Look below for the line with "Praktikanti Falun Dafe" and the line with "Link berbentuk V"; repeat exactly those two lines and all lines between them, but no pictures.

- - - -

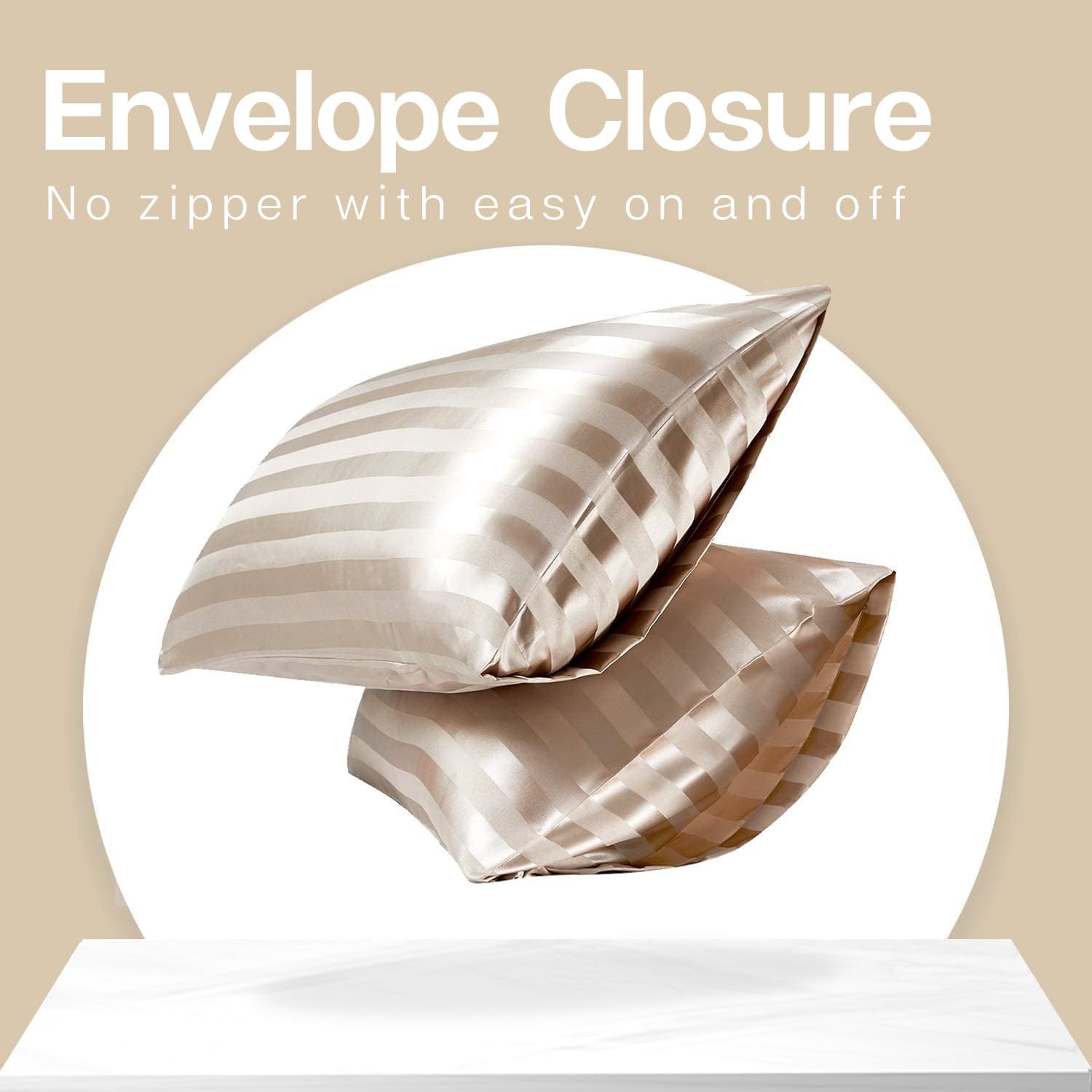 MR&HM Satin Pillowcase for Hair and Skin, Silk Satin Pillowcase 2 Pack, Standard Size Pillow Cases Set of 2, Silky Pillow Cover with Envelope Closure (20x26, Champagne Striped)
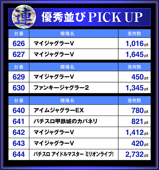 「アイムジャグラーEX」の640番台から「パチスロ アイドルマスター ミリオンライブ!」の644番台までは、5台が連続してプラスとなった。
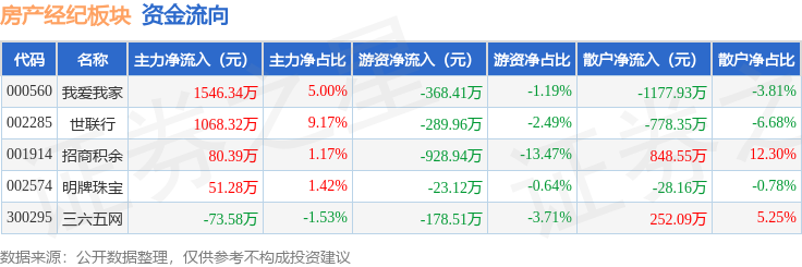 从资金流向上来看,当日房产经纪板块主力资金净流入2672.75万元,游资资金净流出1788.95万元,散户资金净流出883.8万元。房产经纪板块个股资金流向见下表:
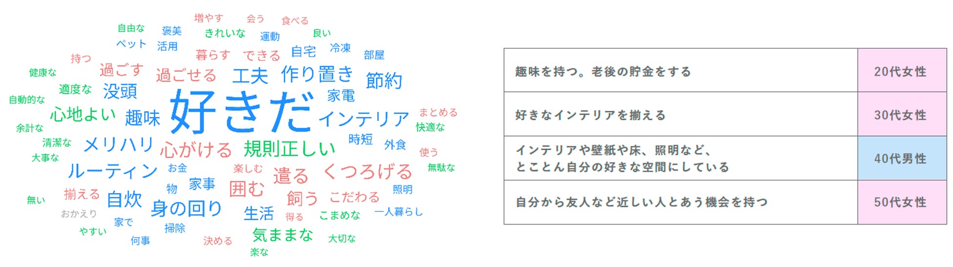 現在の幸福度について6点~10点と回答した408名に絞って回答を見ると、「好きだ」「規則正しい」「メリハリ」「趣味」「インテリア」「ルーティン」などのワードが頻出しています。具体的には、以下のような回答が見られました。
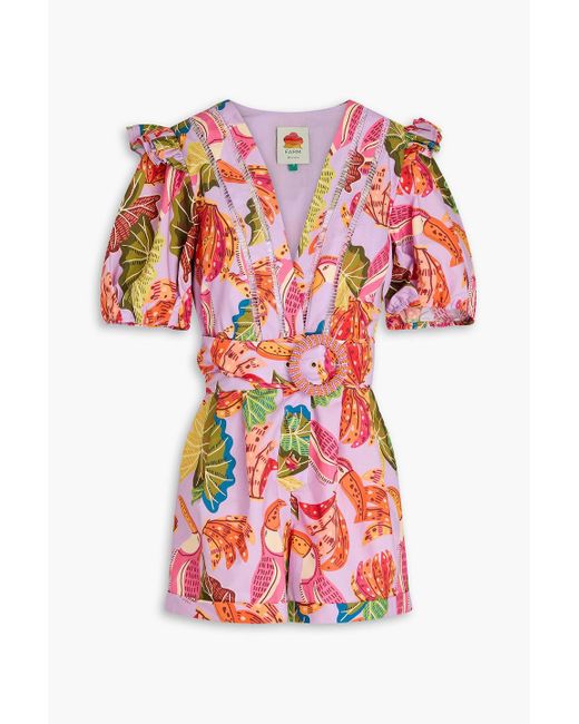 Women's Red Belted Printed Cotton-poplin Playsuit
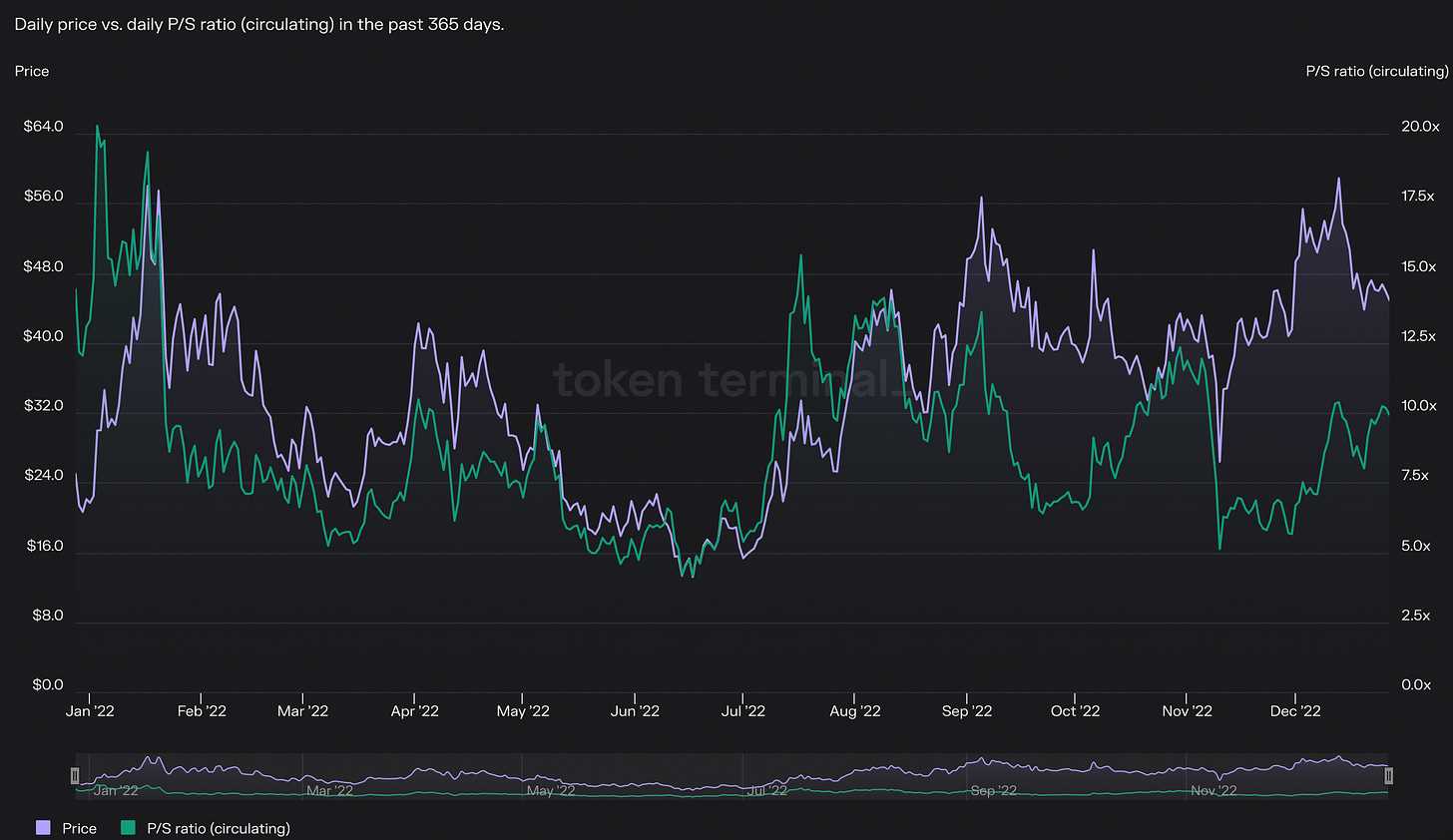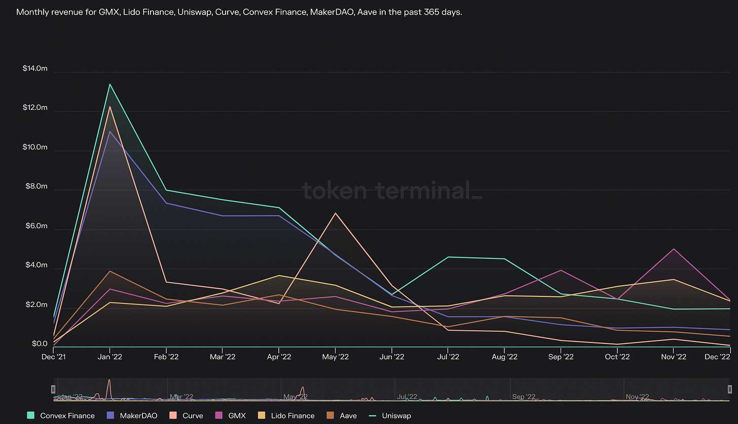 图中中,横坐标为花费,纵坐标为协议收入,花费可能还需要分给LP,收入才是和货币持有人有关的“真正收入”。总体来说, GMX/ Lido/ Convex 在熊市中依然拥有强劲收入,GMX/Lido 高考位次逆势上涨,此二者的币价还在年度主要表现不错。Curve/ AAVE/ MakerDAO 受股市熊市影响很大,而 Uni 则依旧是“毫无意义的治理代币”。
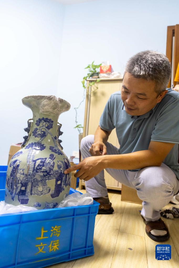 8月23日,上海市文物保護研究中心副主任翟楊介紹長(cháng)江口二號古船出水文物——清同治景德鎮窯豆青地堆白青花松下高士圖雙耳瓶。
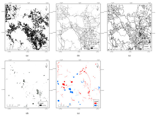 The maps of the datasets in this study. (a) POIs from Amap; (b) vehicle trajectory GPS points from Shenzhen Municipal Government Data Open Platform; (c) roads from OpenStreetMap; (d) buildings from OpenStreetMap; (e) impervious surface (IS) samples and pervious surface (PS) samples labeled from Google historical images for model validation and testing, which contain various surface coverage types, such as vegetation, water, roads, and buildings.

- - - -

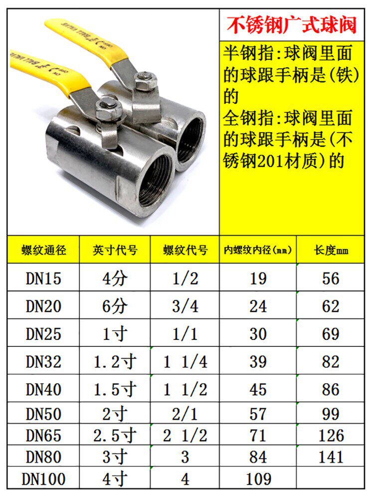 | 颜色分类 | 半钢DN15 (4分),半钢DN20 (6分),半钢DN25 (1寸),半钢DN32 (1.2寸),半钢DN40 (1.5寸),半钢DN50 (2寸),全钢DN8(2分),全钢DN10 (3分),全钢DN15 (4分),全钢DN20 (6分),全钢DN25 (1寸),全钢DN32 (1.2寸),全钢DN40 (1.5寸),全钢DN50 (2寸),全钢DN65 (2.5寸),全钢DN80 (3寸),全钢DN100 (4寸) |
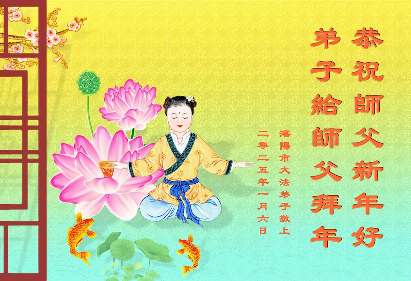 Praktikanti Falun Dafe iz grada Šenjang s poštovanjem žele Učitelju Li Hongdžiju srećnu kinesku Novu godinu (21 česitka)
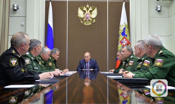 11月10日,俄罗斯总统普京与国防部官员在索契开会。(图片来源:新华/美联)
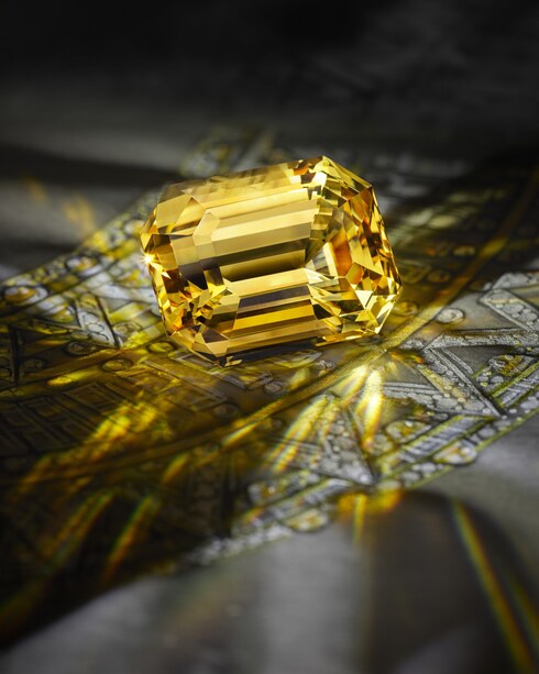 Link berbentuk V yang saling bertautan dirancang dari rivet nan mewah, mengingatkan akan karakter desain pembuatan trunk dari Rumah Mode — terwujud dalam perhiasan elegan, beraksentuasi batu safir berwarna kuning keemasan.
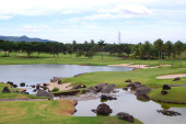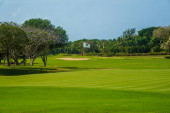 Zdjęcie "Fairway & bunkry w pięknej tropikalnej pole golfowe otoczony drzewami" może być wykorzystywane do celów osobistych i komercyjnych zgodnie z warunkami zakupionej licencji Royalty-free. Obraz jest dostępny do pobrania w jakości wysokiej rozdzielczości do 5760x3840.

- - - -

Output of the task>
 Praktikanti Falun Dafe iz grada Šenjang s poštovanjem žele Učitelju Li Hongdžiju srećnu kinesku Novu godinu (21 česitka)
 11月10日,俄罗斯总统普京与国防部官员在索契开会。(图片来源:新华/美联)
 Link berbentuk V yang saling bertautan dirancang dari rivet nan mewah, mengingatkan akan karakter desain pembuatan trunk dari Rumah Mode — terwujud dalam perhiasan elegan, beraksentuasi batu safir berwarna kuning keemasan.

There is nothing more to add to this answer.